With over 1300 medical staff utilizing the CoSign digital signature solution as part of their overall electronic workflow, Widdifield's changes enabled SCDMH locations to eliminate the printing and signing of close to 10,000 documents each day, while maintaining full compliance with HIPAA Security Standard Regulations, and saving over $4 million in the first year of implementation.
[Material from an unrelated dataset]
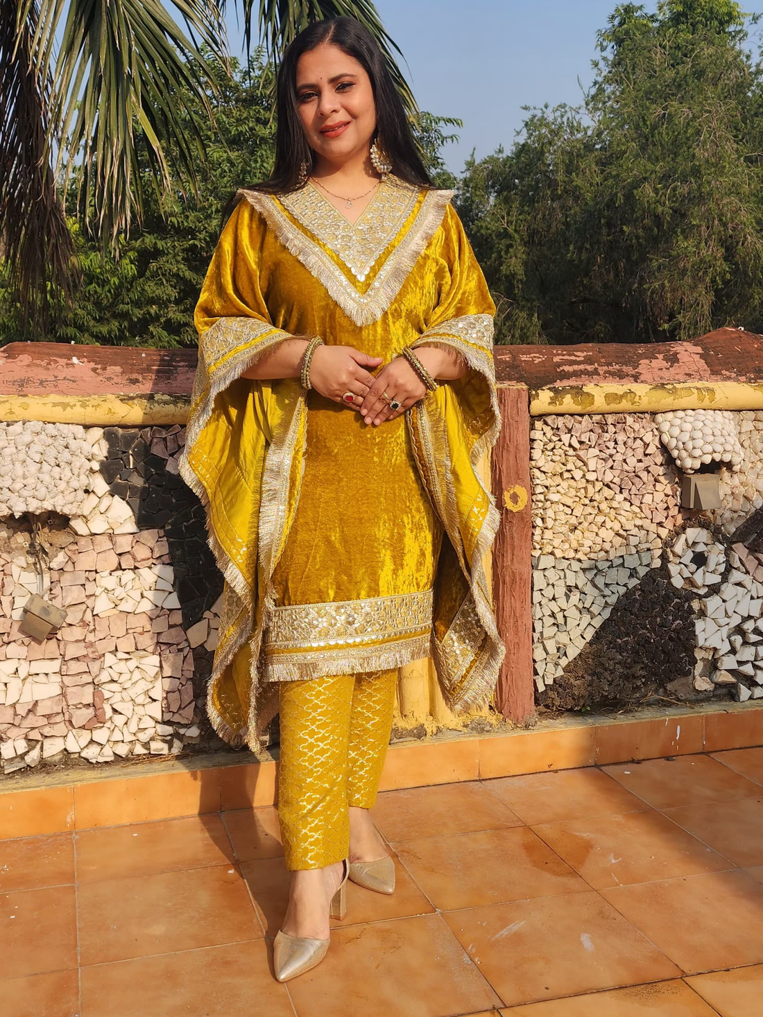 Product Sku- PNPWV2552 Fabric - Micro Velvet 9000 & Chanderi BrocadeColor- MustardLength Of Kaftan- 42...

In the SCDMH healthcare facilities currently using CoSign, the migration to a paperless workflow has reduced document processing time from days to seconds. In addition, Widdifield's integration of CoSign has been so successful that additional deployments have been requested throughout the organization. The environmental benefits of SCDMH's CoSign digital signature implementation are no less noteworthy, with SCDMH's use saving 650 trees, 975 barrels of oil, and reducing 195,000 pounds of carbon emissions each year.

"The vast amount of paper reduction the CoSign digital solution brought about can't be overstated in terms of how it advanced our workflow. As we move to implement CoSign at all facilities, we expect to eliminate printing more than 2,850,000 documents each year."

[1] The PKI technology in a digital signature is used to establish that the signatory is indeed responsible for the signature in the message and that the signer approves the content of the document. PKI technology is well established, with over 30 years of industry use, and is accepted as the only standard method capable of guaranteeing an electronic document has not been altered. Any changes made to the document after it is signed invalidate the digital signature, thereby protecting against forgery, ensuring non-repudiation, and securing the documentation.